九州大学(九大)理学研究院生物科部門の谷村禎一准教授の研究グループは、ショウジョウバエを用いた実験によって、ハエは味にだまされることなく栄養価を体内で判断してエネルギー源となる糖を学習できることを発見した。同研究成果は、2011年4月21日(米国東部時間)に、米国の科学雑誌「Current Biology」(オンライ版)に掲載された。
動物が食物の栄養価をどのように判断して食べているのかについては未解明である。味覚で美味しいものかどうかは判断できるが、美味しいものがすべて栄養価が高いとはいえない。また、人間は栄養学の知識を持たずに、自分に必要な栄養素を選んで食べることは困難である。こうした謎を解明するために、研究グループでは、ショウジョウバエをモデルに実験を行った。
ソルビトールという糖はショウジョウバエにとって無味だが、ハエにソルビトールだけを与えると生き延びることができる。一方、アラビノースという糖はショウジョウバエにとって甘いものの、まったく栄養価がなく、アラビノースだけを与え続けると、最初は食べるものの、その後はあまり食べなくなる。この行為により、ショウジョウバエは、食べた後に体内でその栄養価を判断しているということが考えられるという。
また、ショウジョウバエにソルビトールと水にそれぞれ違う匂いをつけて、10分間食べさせてから1時間何もないビンを入れるという試行を4回繰り返した後、2種類の匂いのどちらを選ぶかを調べた結果、ソルビトールと組み合わせた匂いの方をより多く選んだという結果が示され、これによりショウジョウバエが栄養価を学習できることを示されたと研究グループでは説明している。

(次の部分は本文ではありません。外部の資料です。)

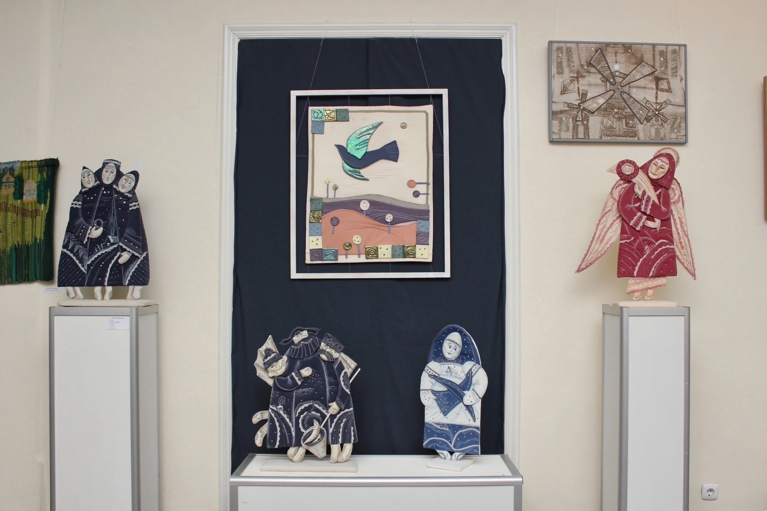 Выставка объединила коллекцию сувенирных кукол Вячеслава Позгалева, авторских кукол из фондов Череповецкого музейного объединения, кукол из частных коллекций череповецких художников Марины Брауловой, Ирины Божко, Елены Ивановой, Майи Сысоевой и ткачество Евдокии Пановой.
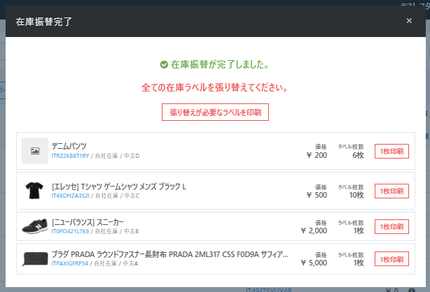 複数の在庫をそれぞれ異なる商品(カタログ)に変更
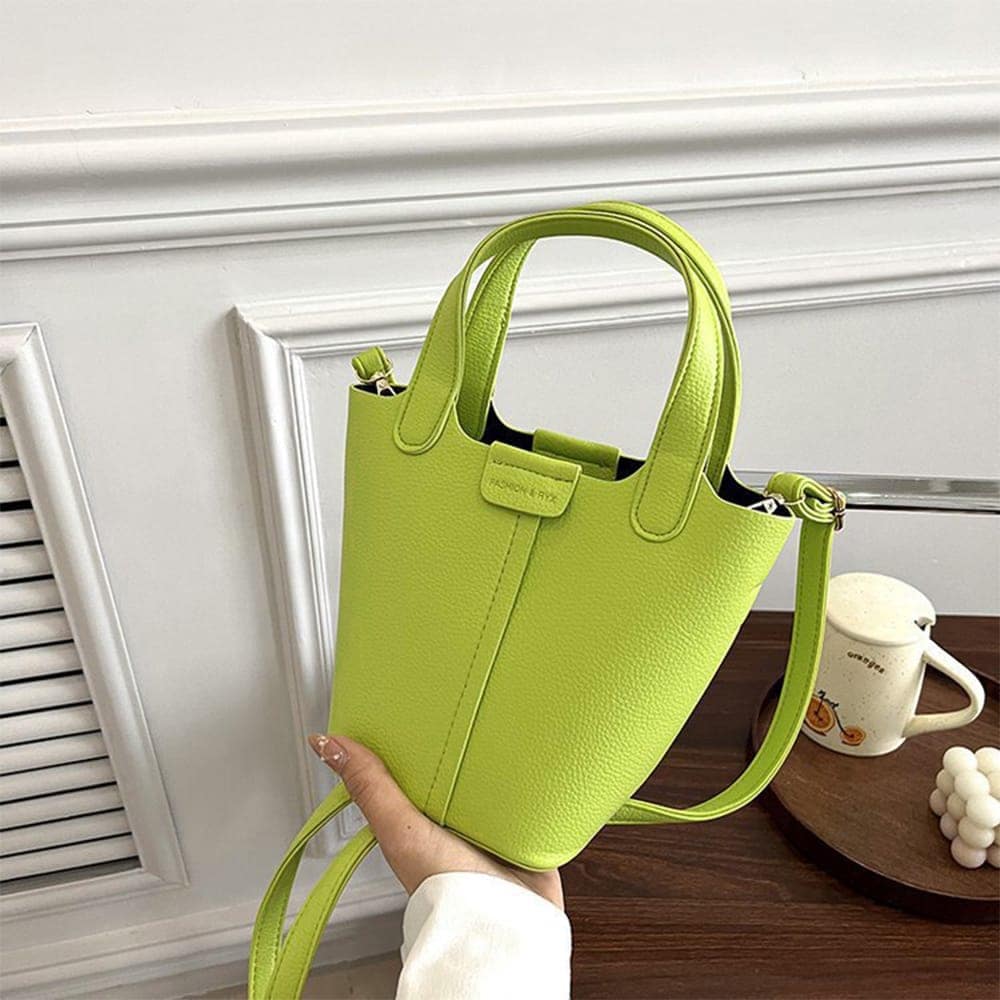 小さめで持ち歩きやすいバケツ型PUレザーハンドバッグ

こうしたショウジョウバエの能力はこれまで明らかにされていなかった。また、人間とショウジョウバエは多くの遺伝子を共有していることから、ショウジョウバエは人間の食行動と栄養学研究のための良い実験モデルになると考えられるという。
なお、研究グループでは、今後はショウジョウバエの体内でどのように栄養価を判断しているのかの解明を目指すほか、糖以外の食物の選択にも同様なメカニズムがあるのかどうかを研究していく予定としている。